As AI becomes faster, smarter and more deeply embedded in the way organisations work, the critical question is no longer simply, “What can we automate?” It is, “Where must humans remain?”
In this provocative and practical keynote, Daniel explores the Minimum Viable Human: the essential human layer organisations cannot afford to lose as they scale AI. Audiences will learn how to protect the capabilities that keep organisations trusted, accountable and wise — oversight, judgement, accountability, relationships and succession.
This session is essential for leaders and teams implementing AI who want to move faster without becoming fragile, automated without becoming unaccountable, and technologically advanced without losing the human connection performance depends on.
“This is without a doubt the best ethics session I have ever attended in my many years as a lawyer!”
- Jennet Butler,
Director, Legal & Regulatory Affairs, Morgans Financial Limited
As AI scales, leaders need more than dashboards and policies. They need people with the capability, authority and confidence to monitor, challenge and intervene before automated decisions create harm.
Human oversight is not observation. It is the ability to step in before efficiency becomes damage.
AI can analyse data, generate options and recommend action, but not every intelligent answer is a wise one. Audiences explore why human judgement is essential when decisions involve values, trade-offs and consequences.
The future will not belong to the smartest systems, but to the leaders wise enough to challenge them.
When AI influences decisions, accountability can quickly become blurred across systems, vendors, teams and leaders. This session helps audiences clarify who owns the outcome when technology moves faster than responsibility.
If no human owns the decision, no organisation truly owns the consequence.
As service, communication and decision-making become automated, organisations risk losing the human connection that builds trust.
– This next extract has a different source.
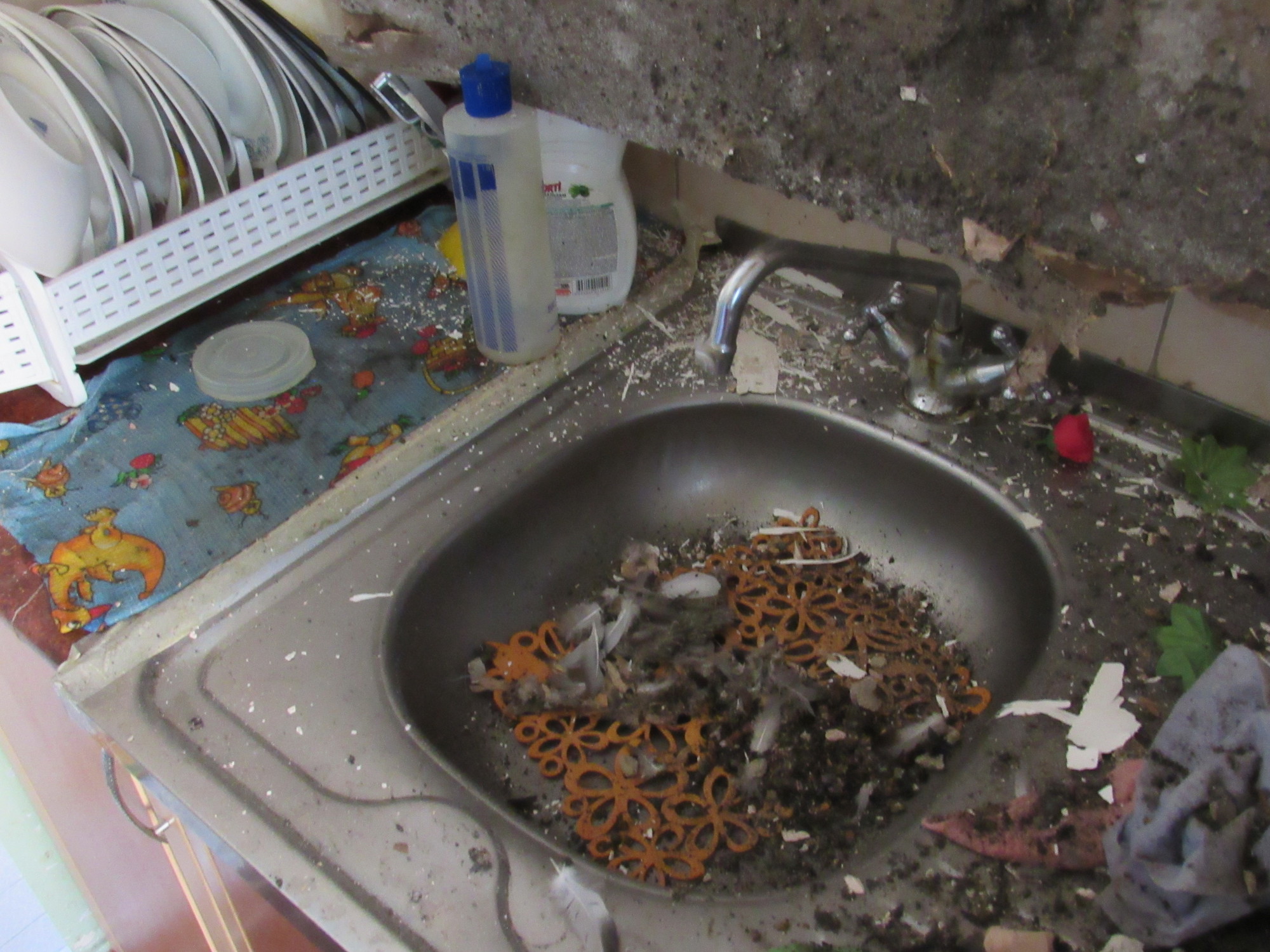 – Я побежала к соседке, у которой уже неделю капала вода с потолка: на нее упал потолок! Штукатурка намокла и обвалилась, а упавшая люстра ударила хозяйку током. Сейчас она лежит в больнице с диагнозом «электротравма». В наши квартиры зайти невозможно: везде голубиный помет, перья, вода и сырость. Мебель и одежду однозначно выбрасывать! – не может скрыть своего горя жительница дома.

Audiences learn where relationships must be protected, not processed.
Trust cannot be fully automated. Some moments still need a human.
If AI removes too much early-career learning, organisations may weaken the experiences that develop future leaders. This session explores how to protect growth, capability and succession in an AI-shaped workplace.
If machines do the learning, where will future leaders come from?
Audiences leave with a practical framework for identifying where humans must remain involved and inspired so AI can enhance performance without hollowing out capability.
The goal is not less human. It is the right human, in the right moments, for the right reasons.